:: TASK ITEM ::
Omit all images, then repeat exactly the lines below from the one containing "Nothing have been" through the one containing "Aksesoris Fashion >", both ends included.

:: COLLECTED DATA ::

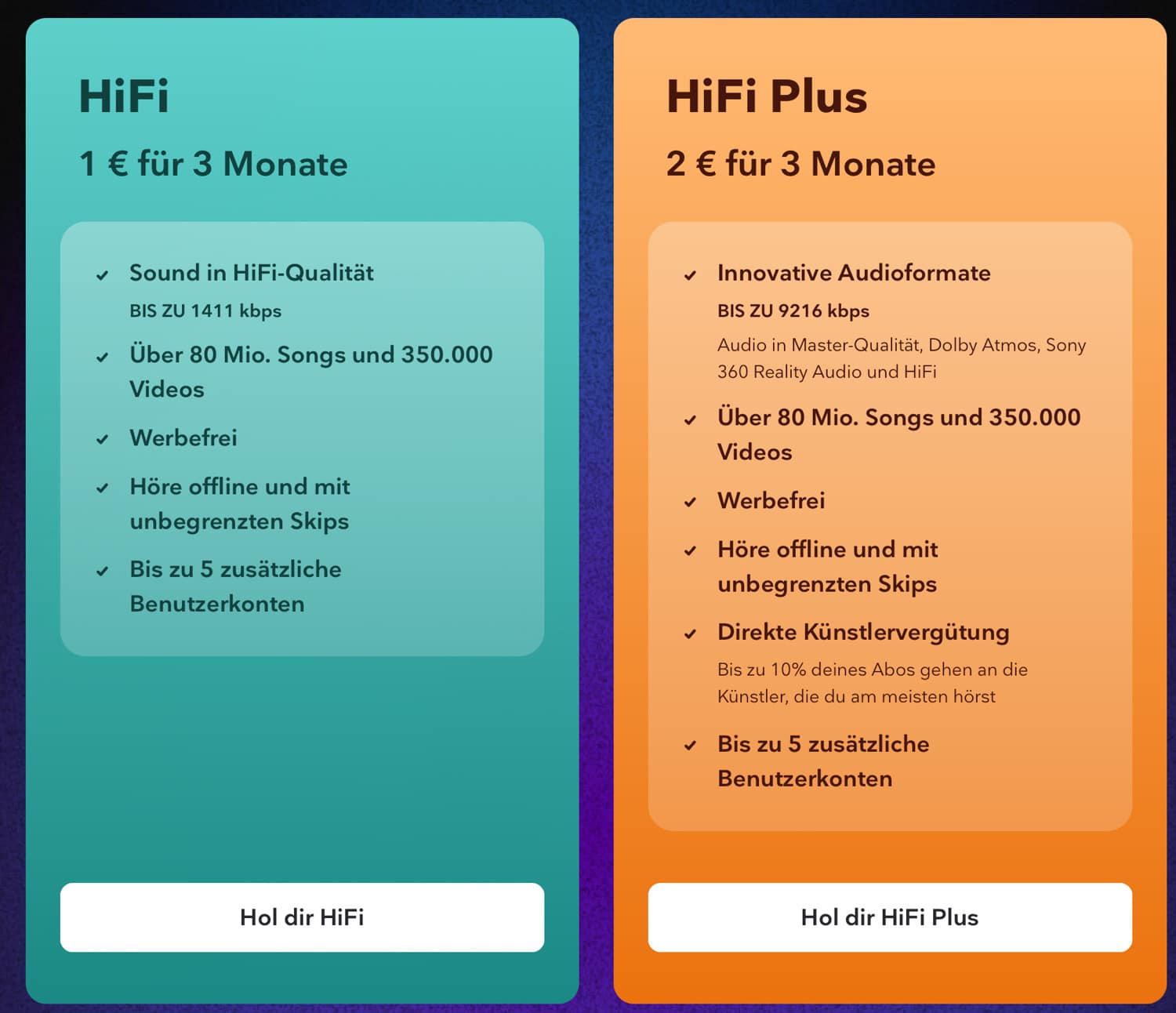 die frage die man sich hier stellen muss… ist man „audiophil“? also ein kritischer hörer bzw eine kritische hörerin? ist dem so und man hat ein gutes abhörsystem, dann führt kein weg an tidal hifi plus vorbei. ist dem nicht so, ist spotify, deezer und co vollkommen ausreichend. ich denke das normale tidal hifi (ohne plus) ist vergleichbar mit apple music bzw amazon music hd (die sogenannten hires optionen). spotify liegt bislang noch leicht dahinter, da sie auch noch keinen offiziellen hires zusatz im programm haben (soll dieses jahr für premium-kunden noch freigeschaltet werden).
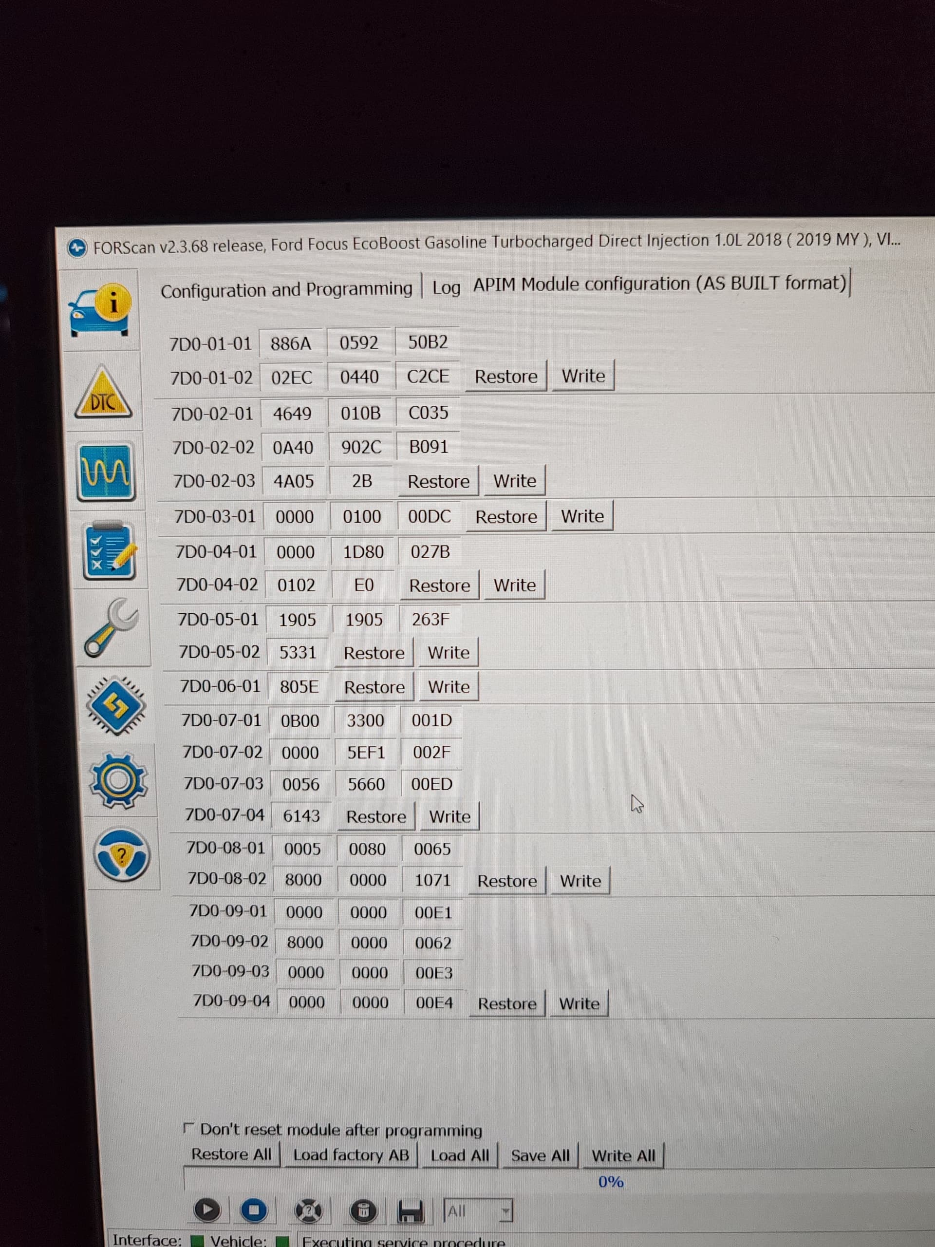 Nothing have been changed in the car with Forscan. I have the OBDII cable to activate deactivate some functions, but the car have everything, nothing need to be activated. I’m using it just to diagnose in case.
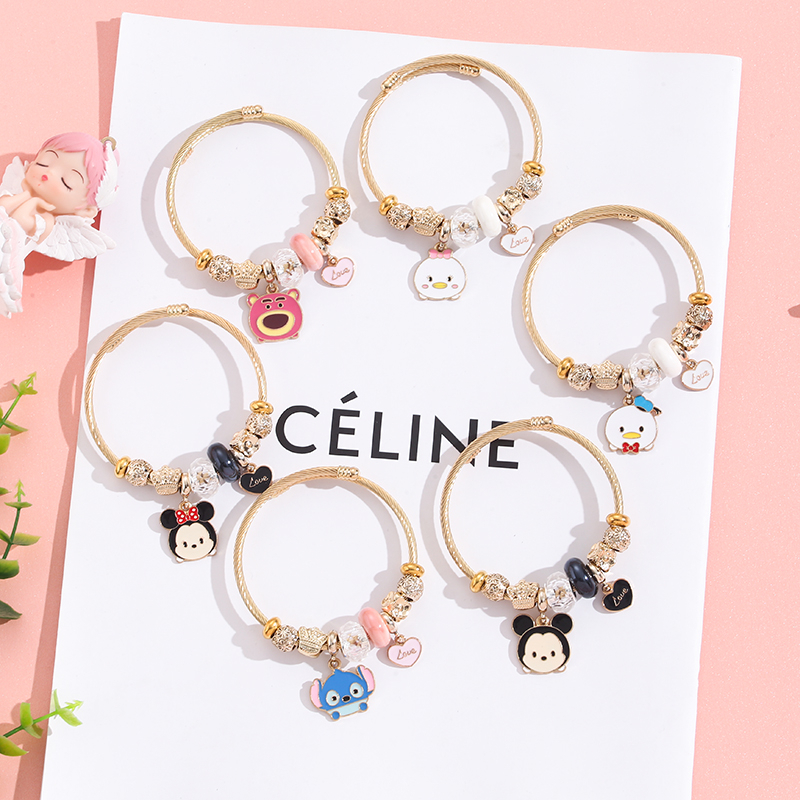 Aksesoris Fashion > Gelang Tangan & Bangle > XiaoboACC Kartun Stitch Mickey Minnie Liontin Stainless Steel Terbuka Dapat Disesuaikan DIY Gelang
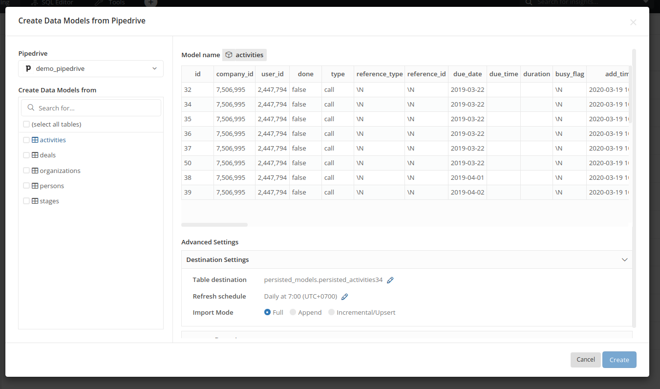 After that, you can select which Pipedrive table to be imported to your Data Warehouse. In the example, I selected all five tables (activities, deals, organizations, persons and stages) for modeling.

:: REPLY ::
 Nothing have been changed in the car with Forscan. I have the OBDII cable to activate deactivate some functions, but the car have everything, nothing need to be activated. I’m using it just to diagnose in case.
 Aksesoris Fashion > Gelang Tangan & Bangle > XiaoboACC Kartun Stitch Mickey Minnie Liontin Stainless Steel Terbuka Dapat Disesuaikan DIY Gelang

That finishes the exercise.